> [Activity]:
Restate, exactly as written, the entries below from the line that holds "تلقى صاحب السمو" through the line that holds "這款鞋子是AAAAA 1:1 質量(非常棒).". Pictures are not part of the copy.

> [Dataset]:

[Start of Attachment]

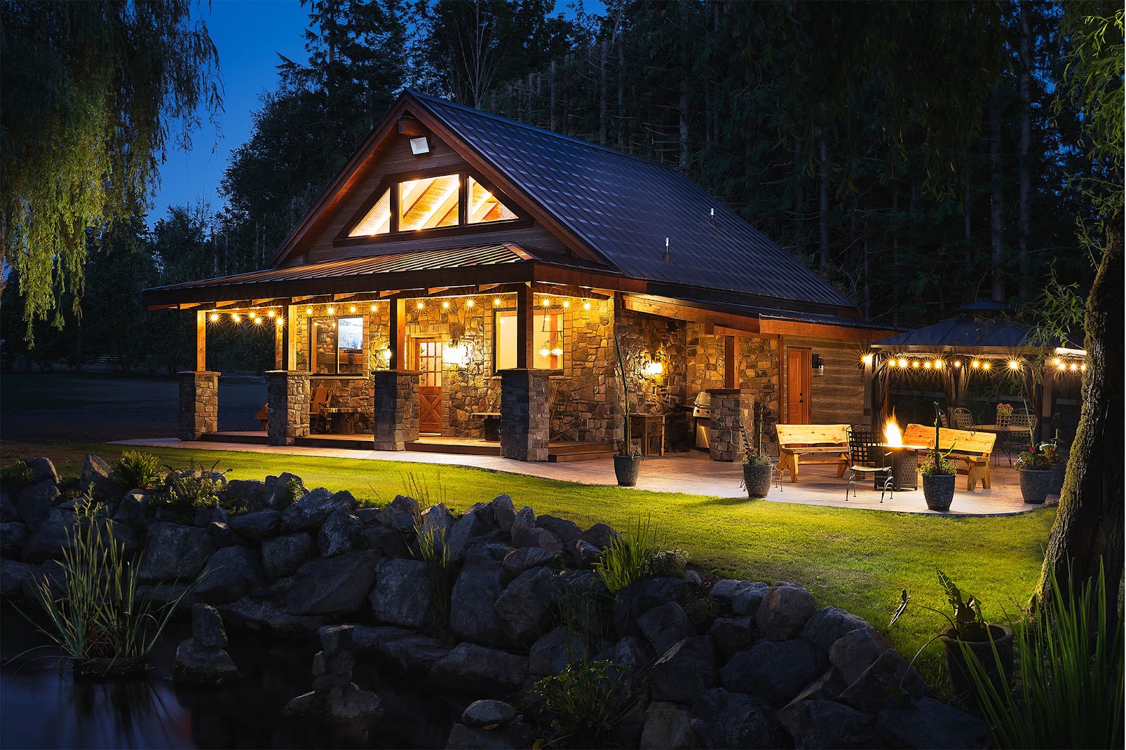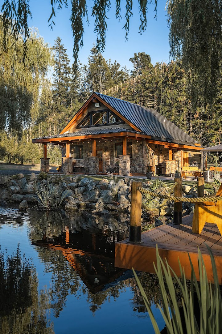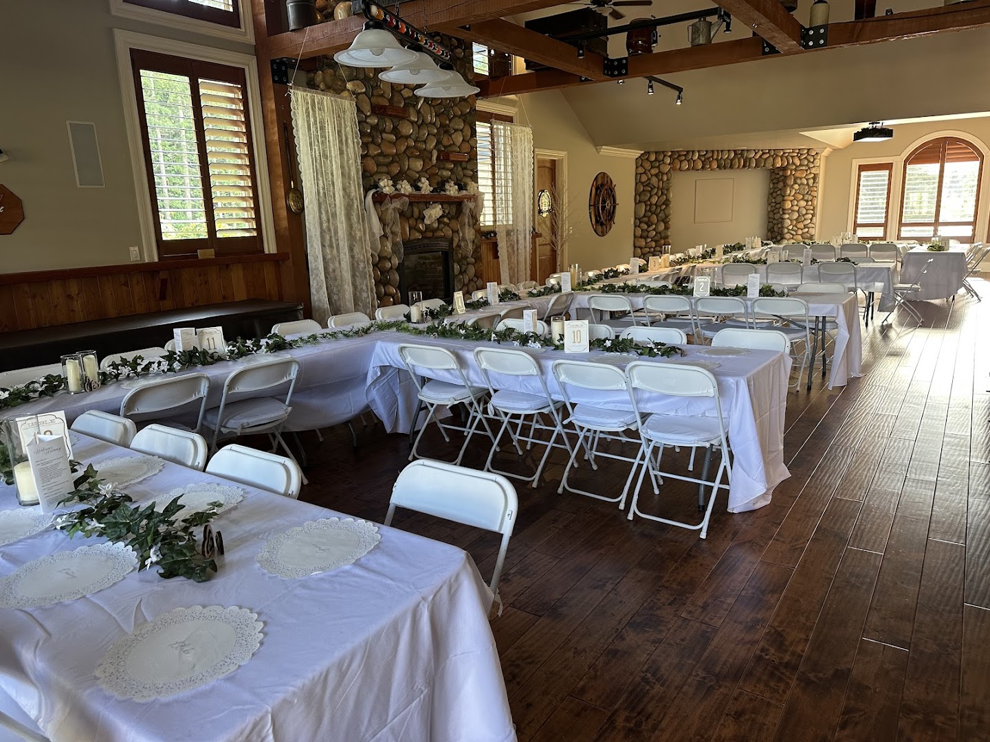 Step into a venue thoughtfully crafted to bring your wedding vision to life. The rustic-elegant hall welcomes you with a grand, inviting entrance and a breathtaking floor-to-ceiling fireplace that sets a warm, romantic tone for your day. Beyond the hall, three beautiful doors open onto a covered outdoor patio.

[End of Attachment]
[Start of Attachment]

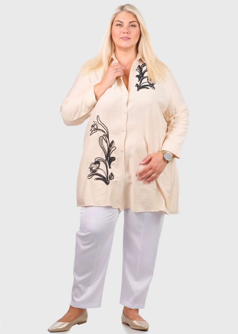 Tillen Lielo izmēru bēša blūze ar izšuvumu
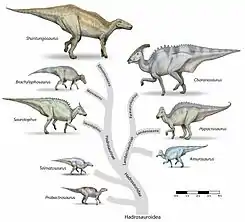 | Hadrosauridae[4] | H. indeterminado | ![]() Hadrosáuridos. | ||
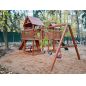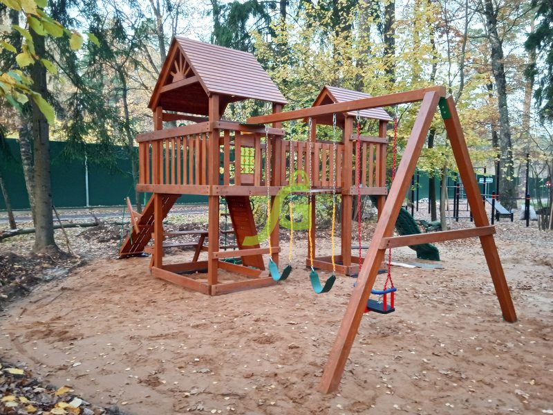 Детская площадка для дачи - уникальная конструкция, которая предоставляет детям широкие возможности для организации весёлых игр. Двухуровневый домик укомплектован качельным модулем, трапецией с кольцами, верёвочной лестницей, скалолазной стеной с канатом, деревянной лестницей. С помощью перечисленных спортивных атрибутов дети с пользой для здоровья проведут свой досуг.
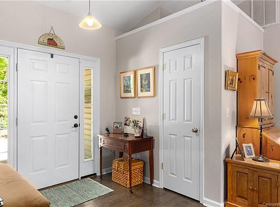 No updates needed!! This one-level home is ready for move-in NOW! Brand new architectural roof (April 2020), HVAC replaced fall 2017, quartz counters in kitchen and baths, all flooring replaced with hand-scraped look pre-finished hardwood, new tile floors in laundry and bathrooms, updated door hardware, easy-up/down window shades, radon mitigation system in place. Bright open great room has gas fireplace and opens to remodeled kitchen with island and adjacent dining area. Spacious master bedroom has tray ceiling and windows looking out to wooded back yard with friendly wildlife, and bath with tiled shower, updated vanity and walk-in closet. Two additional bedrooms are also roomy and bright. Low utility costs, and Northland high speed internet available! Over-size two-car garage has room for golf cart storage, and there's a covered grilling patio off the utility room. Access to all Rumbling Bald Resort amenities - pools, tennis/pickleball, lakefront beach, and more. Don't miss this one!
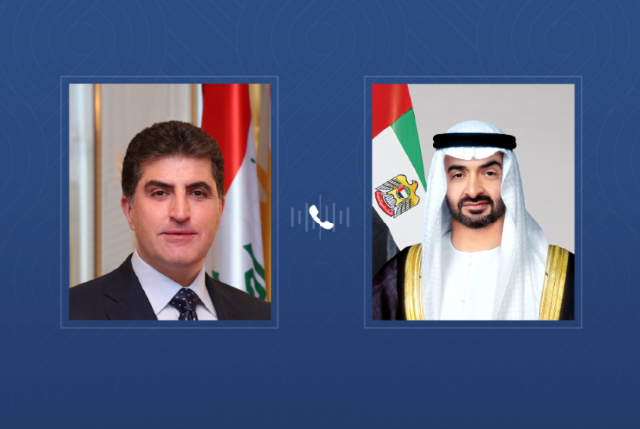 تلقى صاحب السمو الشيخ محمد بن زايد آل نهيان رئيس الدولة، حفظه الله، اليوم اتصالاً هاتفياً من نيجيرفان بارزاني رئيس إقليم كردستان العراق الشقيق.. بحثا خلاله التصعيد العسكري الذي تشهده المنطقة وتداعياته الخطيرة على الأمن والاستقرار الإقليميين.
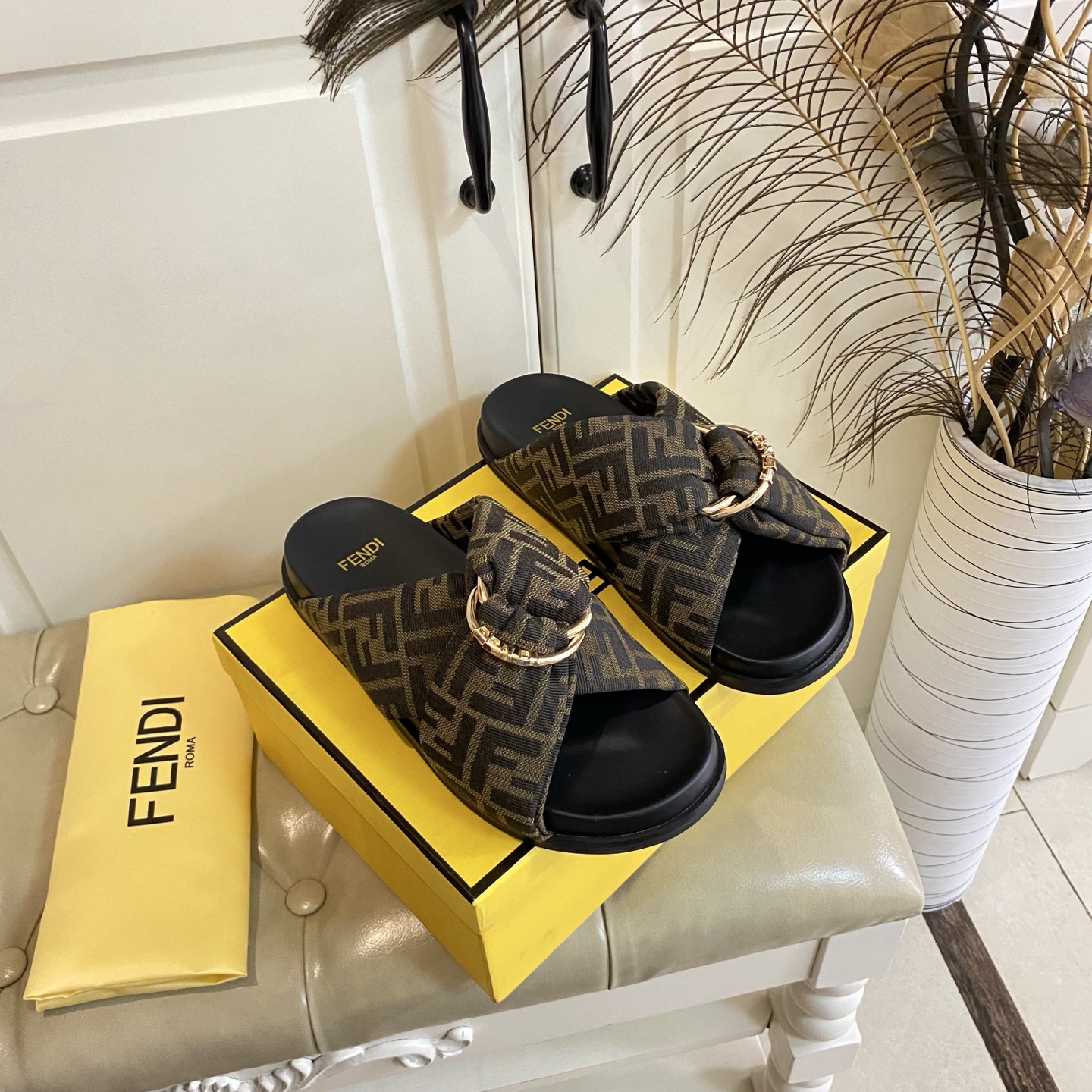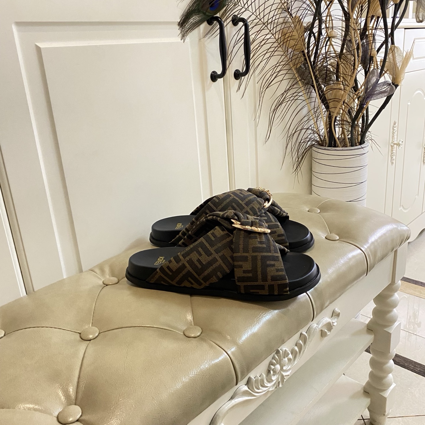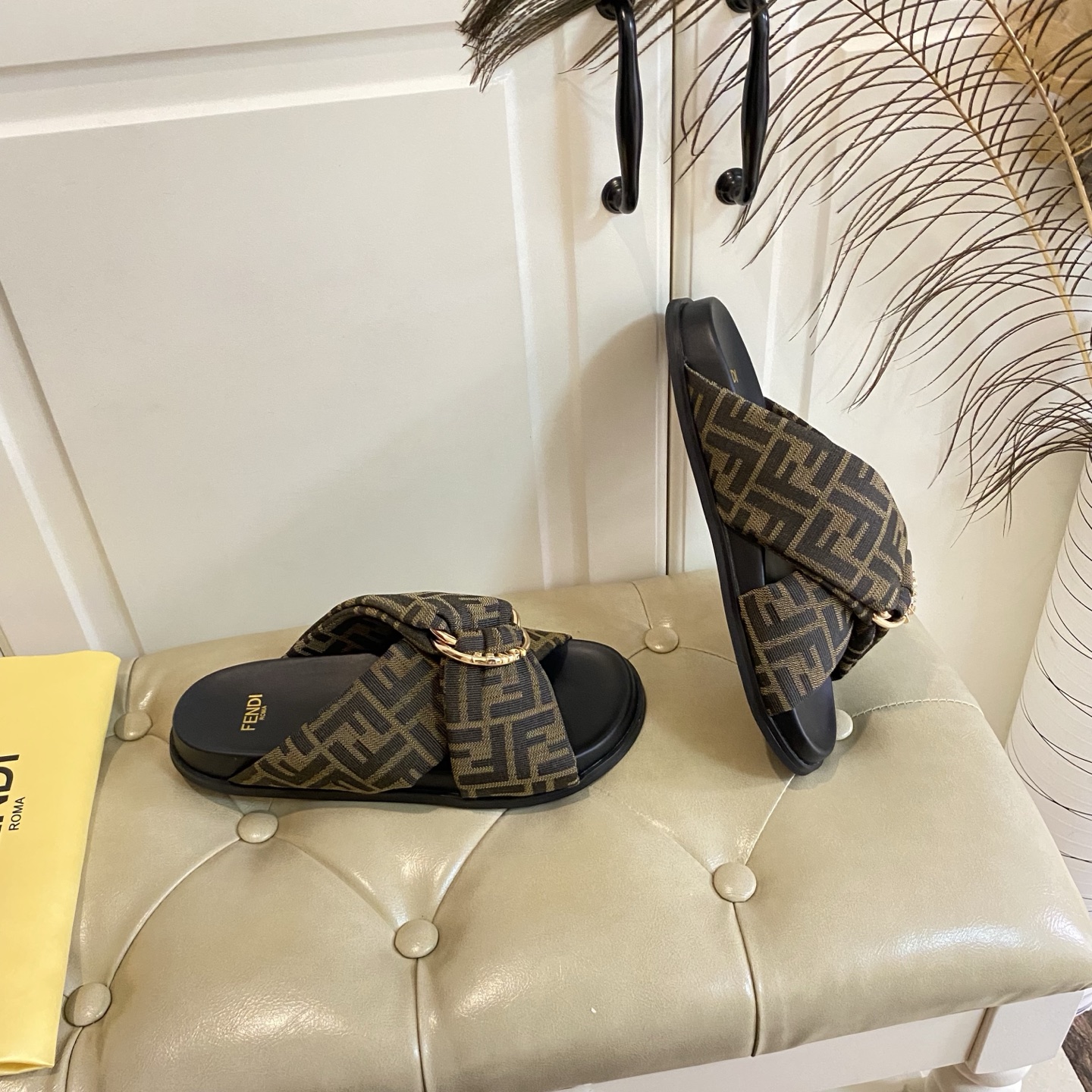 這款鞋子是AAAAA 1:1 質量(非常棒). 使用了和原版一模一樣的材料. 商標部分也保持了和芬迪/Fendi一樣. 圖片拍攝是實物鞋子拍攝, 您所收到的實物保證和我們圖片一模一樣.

[End of Attachment]

> [Exercise response]:
 تلقى صاحب السمو الشيخ محمد بن زايد آل نهيان رئيس الدولة، حفظه الله، اليوم اتصالاً هاتفياً من نيجيرفان بارزاني رئيس إقليم كردستان العراق الشقيق.. بحثا خلاله التصعيد العسكري الذي تشهده المنطقة وتداعياته الخطيرة على الأمن والاستقرار الإقليميين.
 這款鞋子是AAAAA 1:1 質量(非常棒). 使用了和原版一模一樣的材料. 商標部分也保持了和芬迪/Fendi一樣. 圖片拍攝是實物鞋子拍攝, 您所收到的實物保證和我們圖片一模一樣.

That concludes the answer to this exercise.